How do I manage files in a S3 Deep Archive Bucket

This guide covers issues relating specifically to S3 Deep Archive buckets. For more general information on using S3 Buckets (connecting to a bucket, uploading files), please refer to https://yaleits.atlassian.net/wiki/spaces/spinup/pages/829292599 .

Objective
Upload files, create retrieval jobs, track a jobs status, manage expiry, and download the retrieved objects contained within a S3 Deep Archive Bucket.

Introduction

S3 Deep Archive is different from other S3 storage classes primarily in terms of retrieval times and costs.
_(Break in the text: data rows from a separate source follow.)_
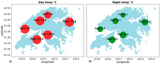 Air temperatures in Hong Kong are higher during the summer and during the day; however, at night is when the UHII is higher. Therefore, the spatial distribution of the temperatures estimated with GPS data, as shown in Figure 2, was calculated with the average temperatures during the day (08:00–20:00 local time (UTC+8) LT) and night (20:00–08:00 LT) during the summer (June–August).
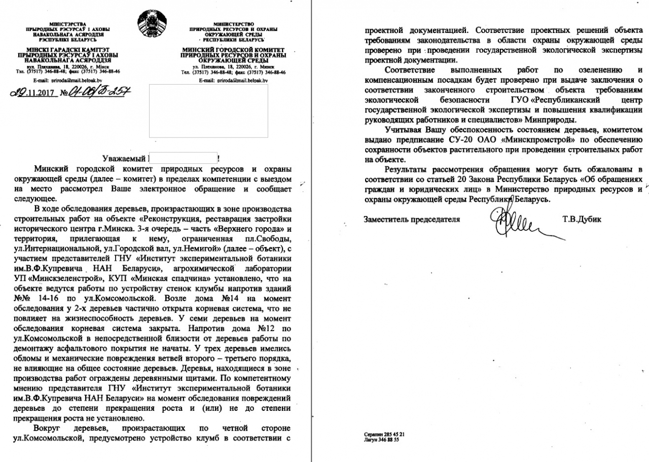 Обращаемся к Вам с Заявлением что,Заказчик в лице КУП Минская Спадчина в лице представителей отдела технического надзора Заказчика ,а также строители СУ – 71и СУ- 20 под руководством представителя Минскстроя ненадлежащим образом безответственно,халатно и безразлично подходят к вопросу сохранения лип по улице Комсомольской . https://news.tut.by/society/563521.html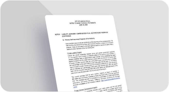CITY OF LAGUNA NIGUEL NOTES TO BASIC FINANCIAL STATEMENTS JUNE 30, 2024 NOTE 8 LIABILITY, WORKERS’ COMPENSATION PLAN, AND PURCHASED INSURANCE (CONTINUED) B. Primary Self-Insurance Programs of the Authority Each member pays an annual contribution at the beginning of the coverage period. The total funding requirement for primary self-insurance programs is based on an actuarial analysis. Costs are allocated to individual agencies based on payroll and claims history, relative to other members of the risk-sharing pool. Primary Liability Program Claims are pooled separately between police and general government exposures. (1) The payroll of each member is evaluated relative to the payroll of other members. A variable credibility factor is determined for each member, which establishes the weight applied to payroll and the weight applied to losses within the formula; (2) The first layer of losses includes incurred costs up to $100,000 for each occurrence and is evaluated as a percentage of the pool’s total incurred costs within the first layer; (3) The second layer of losses includes incurred costs from $100,000 to $500,000 for each occurrence and is evaluated as a percentage of the pool’s total incurred costs within the second layer; and (4) Incurred costs from $500,000 to $50 million, are distributed based on the outcome of cost allocation within the first and second loss layers. The overall coverage limit for each member, including all layers of coverage, is $50 million per occurrence. Subsidence losses also have a $50 million per occurrence limit. The coverage structure is composed of a combination of pooled self-insurance, reinsurance, and excess insurance. Additional information concerning the coverage structure is available on the Authority’s website: https://cjpia.org/coverage/risk-sharing- pools/. Primary Workers’ Compensation Program Claims are pooled separately between public safety (police and fire) and general government exposures. (1) The payroll of each member is evaluated relative to the payroll of other members. A variable credibility factor is determined for each member, which establishes the weight applied to payroll and the weight applied to losses within the formula; (2) The first layer of losses includes incurred costs up to $75,000 for each occurrence and is evaluated as a percentage of the pool’s total incurred costs within the first layer; (3) The second layer of losses includes incurred costs from $75,000 to $200,000 for each occurrence and is evaluated as a percentage of the pool’s total incurred costs within the second layer; and (4) Incurred costs from $200,000 to statutory limits are distributed based on the outcome of cost allocation within the first and second loss layers. (59)

Unlike the immediate access you get with standard S3 buckets, S3 Deep Archive is designed for long-term data storage where access is infrequent and retrieval can afford to take hours. This translates to highly reduced storage costs, making it an attractive option for archival purposes.

This guide will equip you with knowledge on creating retrieval jobs, tracking their status, downloading the retrieved data, and managing object expiry.

S3 Deep archive should only be used for storage where files need to be retrieved 1-2 times a year. If you are actively working with files (uploading / downloading / deleting), you should consider other storage options, such as S3 (via Spinup) or Wasabi. More info on comparing storage options can be found on Storage Finder @ Yale.

Retrieving a file (via the Amazon Command Line Interface)

  1. Initiate a Restore Request:

    aws s3api restore-object --bucket YOUR_BUCKET_NAME --key YOUR_FILE_KEY --restore-request Days=NUMBER_OF_DAYS_TO_KEEP_RESTORED,GlacierJobParameters={Tier="STANDARD"}
    • Replace YOUR_BUCKET_NAME with the name of your bucket.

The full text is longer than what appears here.